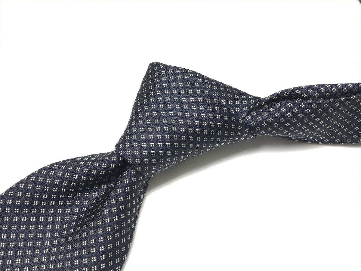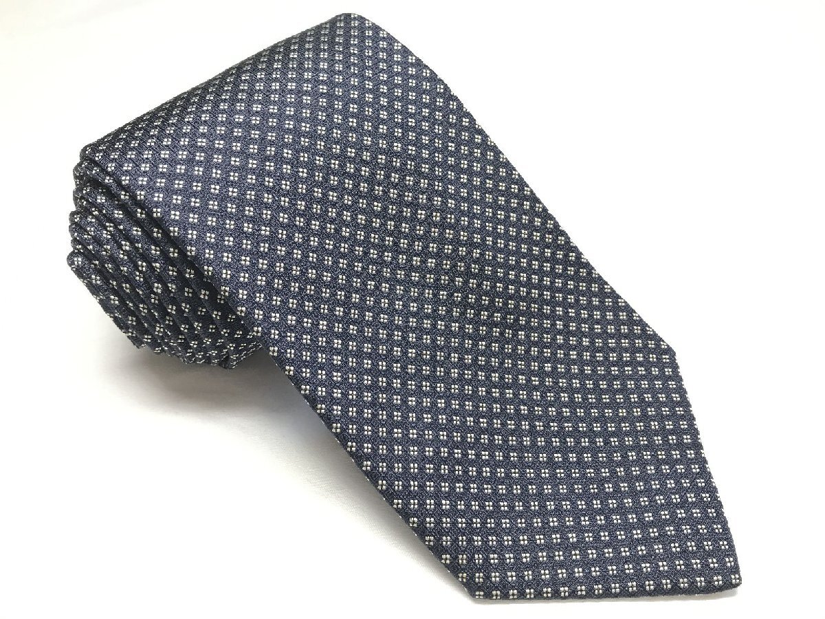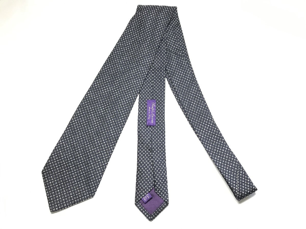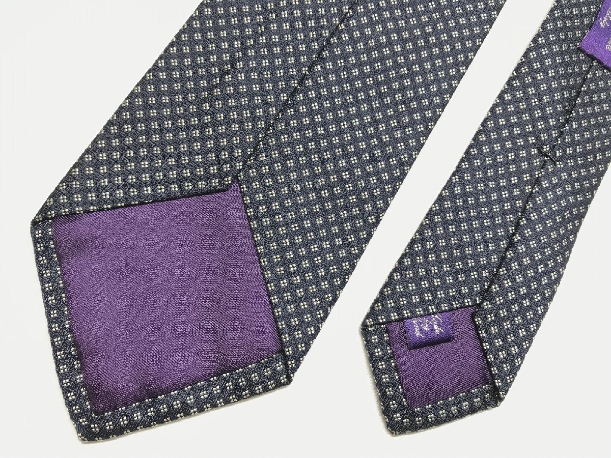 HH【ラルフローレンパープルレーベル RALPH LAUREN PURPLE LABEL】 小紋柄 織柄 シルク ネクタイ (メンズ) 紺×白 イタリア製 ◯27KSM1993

··········

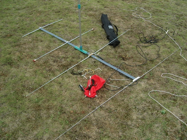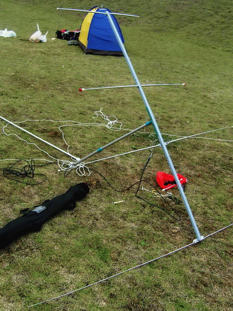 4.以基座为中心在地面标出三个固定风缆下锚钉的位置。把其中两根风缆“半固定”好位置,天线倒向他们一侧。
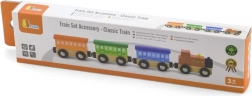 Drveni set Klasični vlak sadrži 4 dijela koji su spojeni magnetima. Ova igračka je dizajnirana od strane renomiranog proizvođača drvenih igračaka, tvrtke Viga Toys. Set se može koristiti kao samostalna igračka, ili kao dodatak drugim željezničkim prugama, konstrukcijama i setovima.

··········

# Task to complete
Your reply should consist solely of the lines above from the line containing "4.以基座为中心在地面标出三" up to and including the line containing "Drveni set Klasični", reproduced exactly, minus the pictures.

# Answer
 4.以基座为中心在地面标出三个固定风缆下锚钉的位置。把其中两根风缆“半固定”好位置,天线倒向他们一侧。
 Drveni set Klasični vlak sadrži 4 dijela koji su spojeni magnetima. Ova igračka je dizajnirana od strane renomiranog proizvođača drvenih igračaka, tvrtke Viga Toys. Set se može koristiti kao samostalna igračka, ili kao dodatak drugim željezničkim prugama, konstrukcijama i setovima.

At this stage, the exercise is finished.